English footballer (1946–2023)

Peter Charles Allen (1 November 1946 – 5 February 2023) was an English footballer who played as a midfielder, and is the current holder of Leyton Orient's all-time appearance record. He is the only player to have played more than 400 times for Orient.

Allen joined Tottenham Hotspur as a schoolboy, where he was spotted by Orient manager Dave Sexton. Allen turned professional at Orient in July 1965, and made his debut in September of that year. During the late 1960s, he became a regular in the first team, playing in over 40 league matches per season from 1968 to 1973. In 1970, he turned down an offer from Everton.

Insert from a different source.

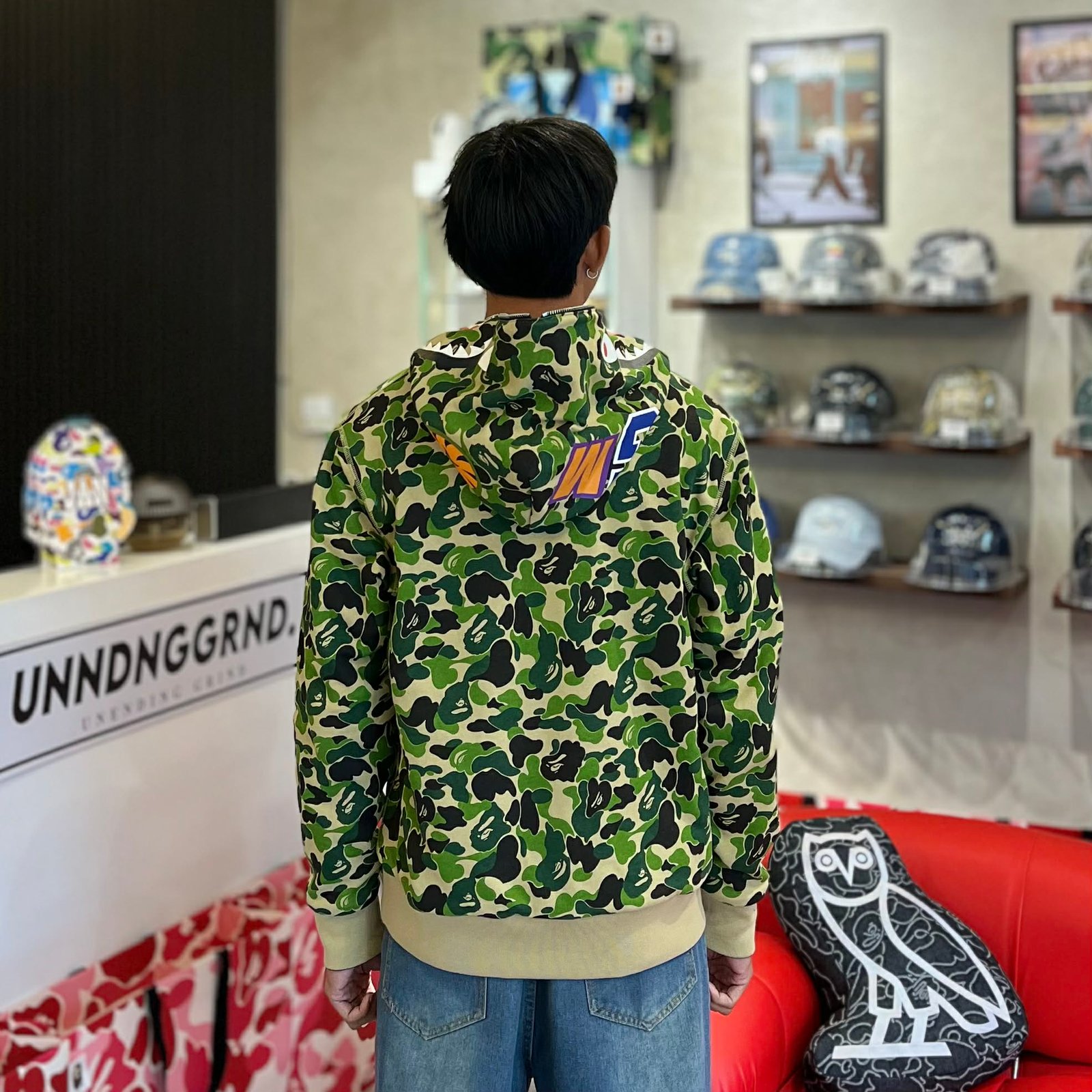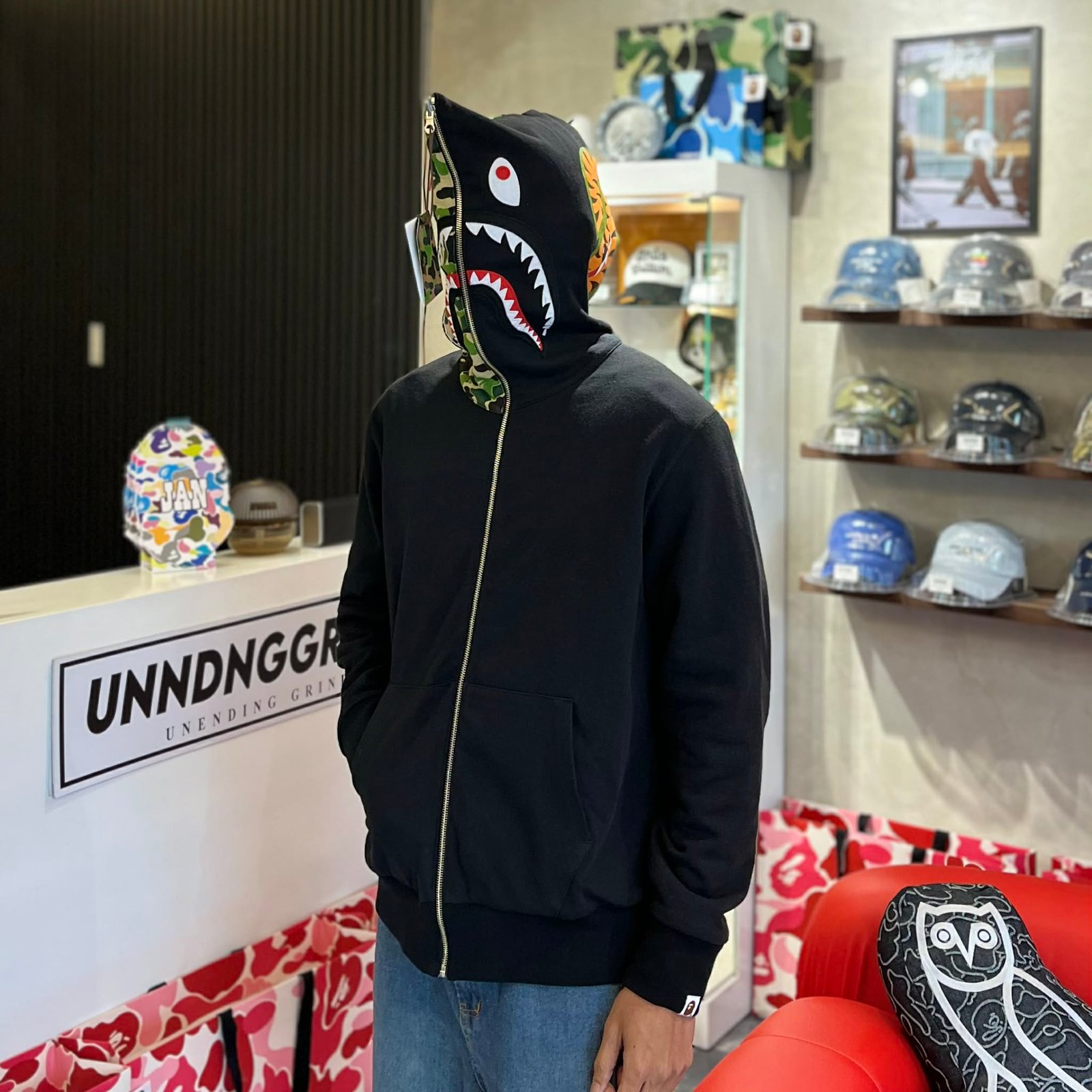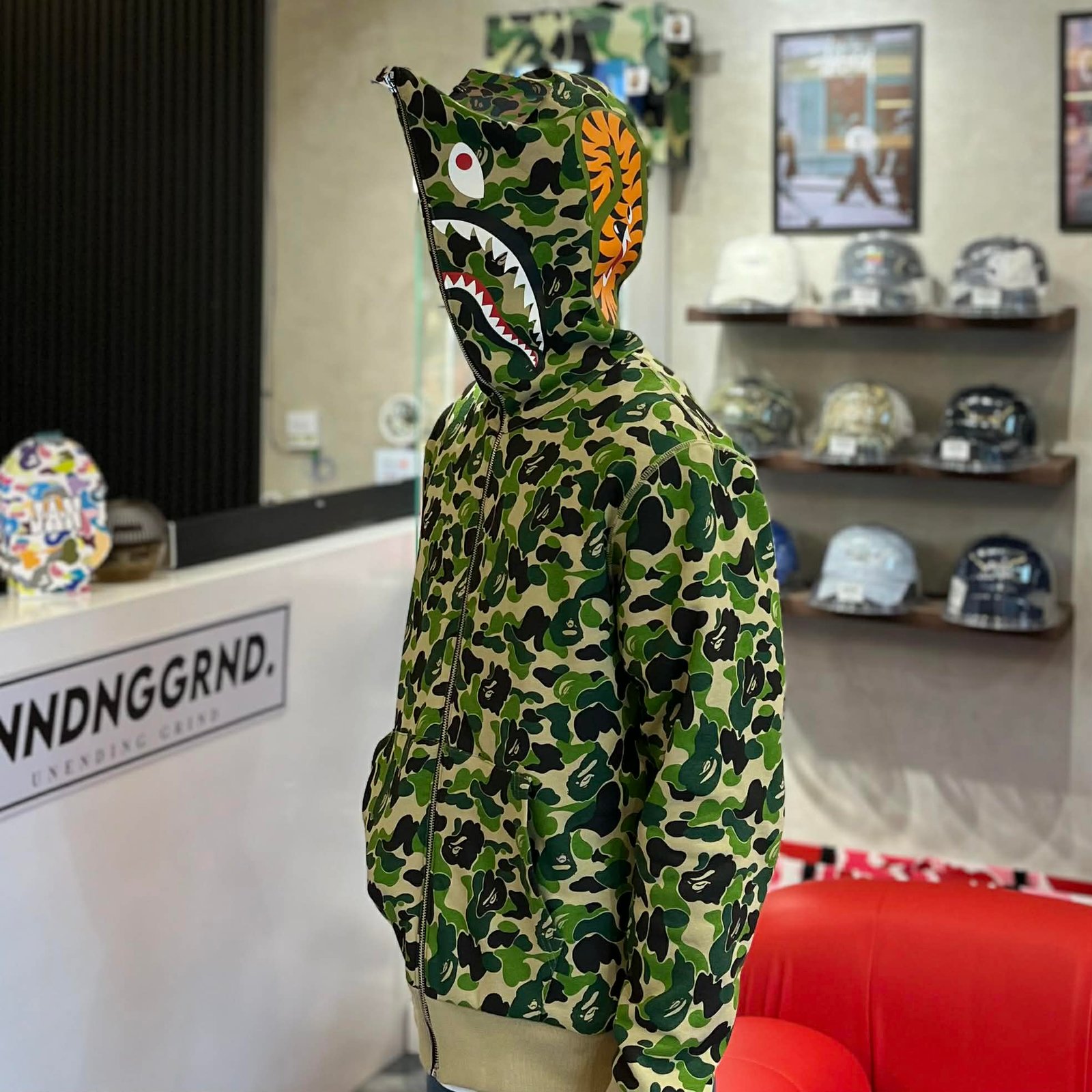 BRANDNEW BAPE Shark ABC Green Camo Reversible Full Zip Hoodie (Large)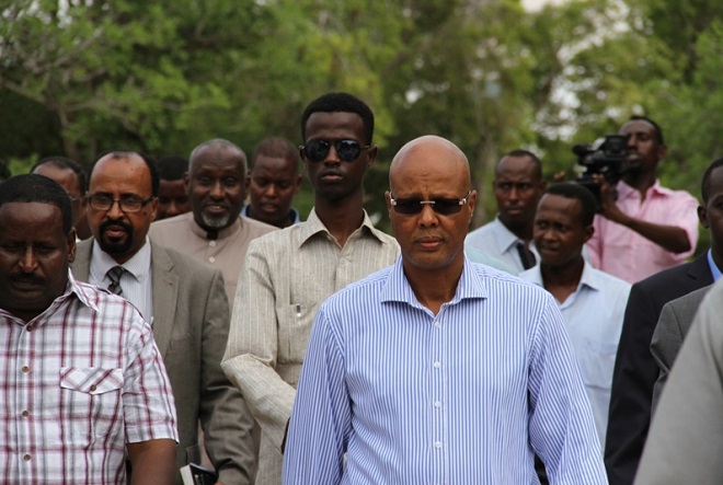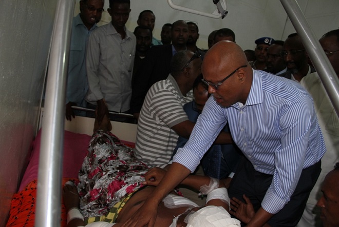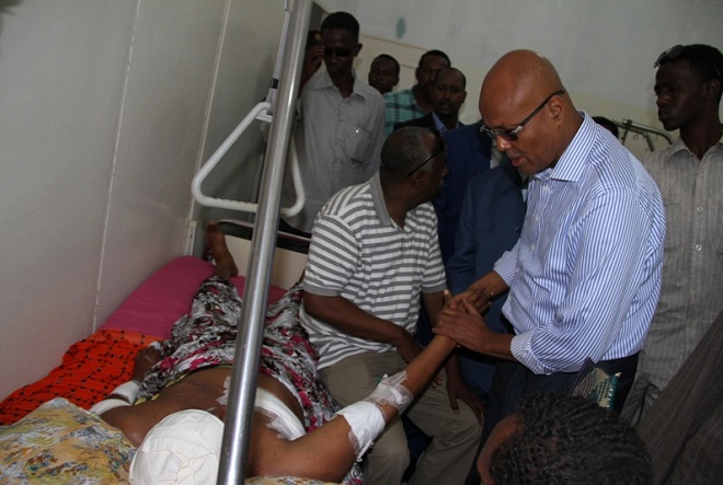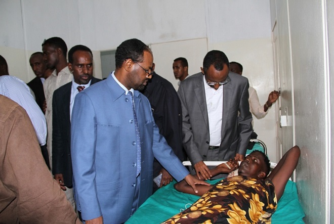 Axad, May 25, 2014 (HOL) — Ra'iisul wasaare, C/wali Sheekh Axmed iyo qaar ka mid ah golihiisa wasiirrada ayaa maanta booqday isbitaal Madiina oo ay ku jiraan qaar ka mid ah dhaawacyada dadkii ku waxyeelloobay weerarkii ay Al-shabaab ku qaadday shalay oo Sabti ahayd xarunta baarlamaanka Soomaaliya.

Allen was noted at Orient for his versatility, able to play in defence when required, as well as being capable of scoring goals from midfield. He earned a testimonial in 1976, the year he broke Orient's appearance record, previously held by Arthur Wood. In all competitions, Allen made 491 appearances for the club, scoring 29 goals.

Allen left Orient in March 1978 to join Millwall, but only stayed briefly before retiring due to injury at the age of 32. He subsequently qualified as a solicitor, and set up his own partnership in Portslade in 1988.

Allen died on 5 February 2023, at the age of 76.